This is a common, but completely wrong, argument. There is nothing
'pure' about vinyl, as it is a very *poor* analogue of the master tape
signal, whereas CD provides a very *good* analogue of that signal.


I didn't say CD provided a bad analog. The "pure" should be taken in
context. It is pure in the sense that it never left the analog domain.


Purity however implies unsullied, and vinyl is seriously sullied by
surface noise, by rolled-off and summed to mono bass, by inner groove
distortion, by midrange phase problems, and by severe harmonic
distortion. Vinyl is 'pure'? I think not..........

"Analog" itself also has different meanings, as you are well aware, so there
is not sense in trying to use a different meaning than I used.


No, analogue has a single meaning, which you appear not to
undertstand. The electrical signal coming from the microphone(s) is an
analogue of the original soundfield. What happens to that signal
between there and the loudspeakers is another matter. If you mean
vinyl, then say vinyl. BTW, as noted elsewhere, since every modern
vinyl cutting facility includes a digital delay line for Varigroove
purposes, *all* new music recordings are digital by definition,
whether purchased on black or silver discs.

BTW, your analogy is also wrong, although a common misconception, as
digital is *not* the equivalent of an 'area under the curve by
histogram' approximation. The reconstruction filter ensures that the
output is a smooth curve, following the original bandwidth-limited
input signal *exactly*, not approximately.


"Reconstruction filter", you say? What is that needed for?

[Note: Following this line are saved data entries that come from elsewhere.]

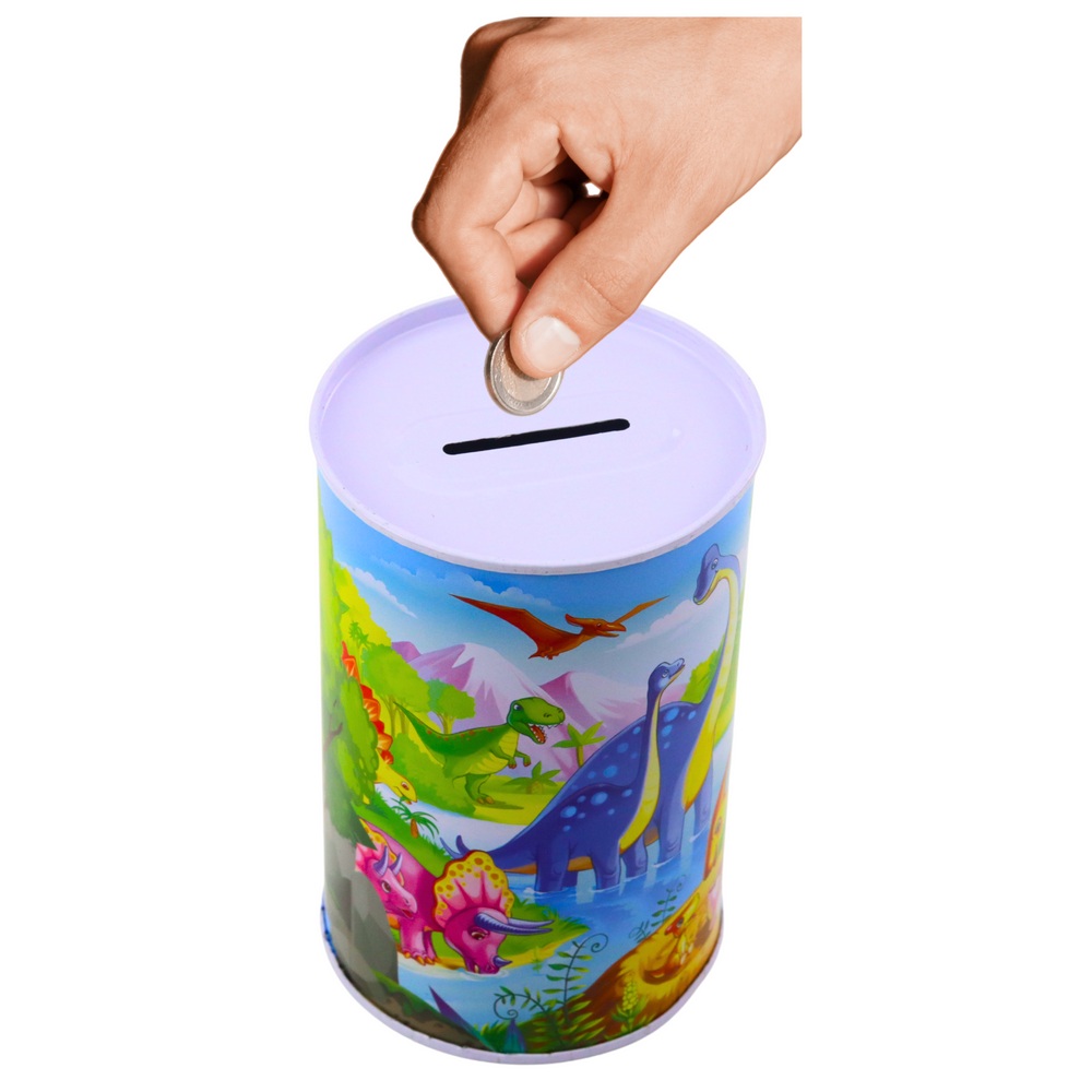 There is a practical opening at the top of the money box, which allows you to easily insert coins and, if necessary, also folded banknotes. The colorful pattern with dinosaurs attracts the attention of the youngest, making the money box not only a practical accessory, but also a charming decoration for a child’s room.
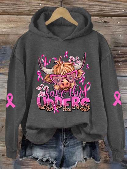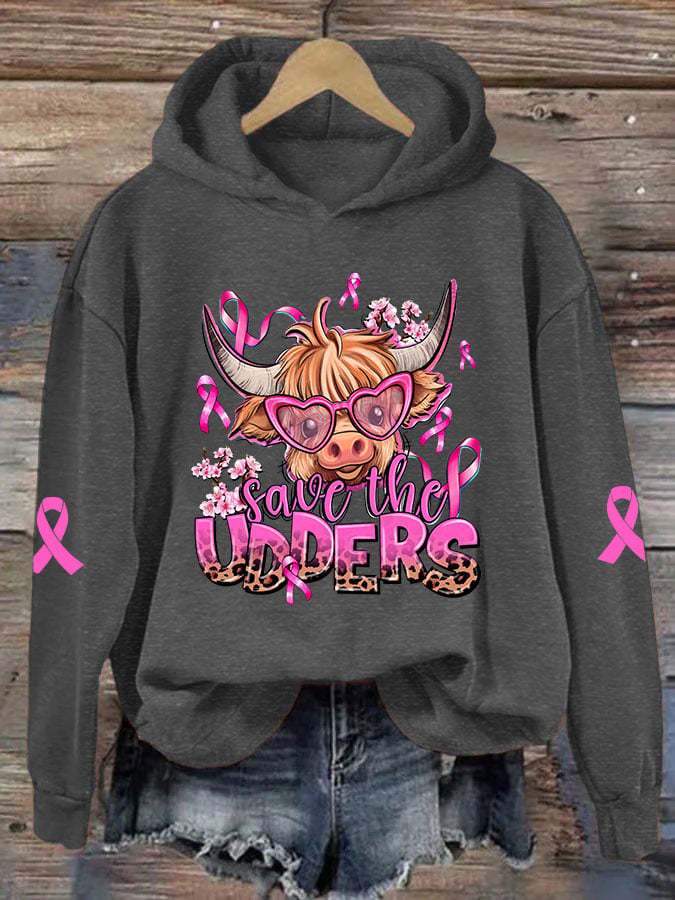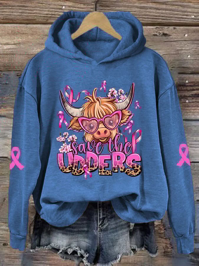 Women's Save The Udders Highland Cattle Print Hoodie
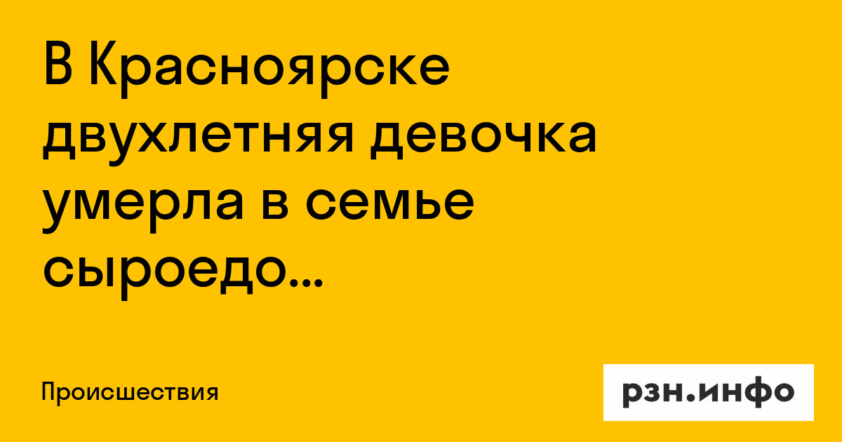 В Красноярске двухлетняя девочка умерла в семье сыроедов

It's the matching item for the anti-aliasing filter at the input of
the ADC, and it reconstructs the correct analogue waveform from the
raw DAC output histogram which has unwanted RF components. It's needed
because it's part of the complete AD/DA system. If you don't know
that, then why are you commenting on the technical aspects of the
system?

Did something
change from the original signal?


Not necessarily, it's a simple bandwidth limiting component, ensuring
that only signals of less than half the sampling frequency appear in
the output signal. Other bandwidth limiting components include studio
microphones and analogue tape recorders..........

If you can't follow that analogy, then
you're simply not thinking abstractly enough.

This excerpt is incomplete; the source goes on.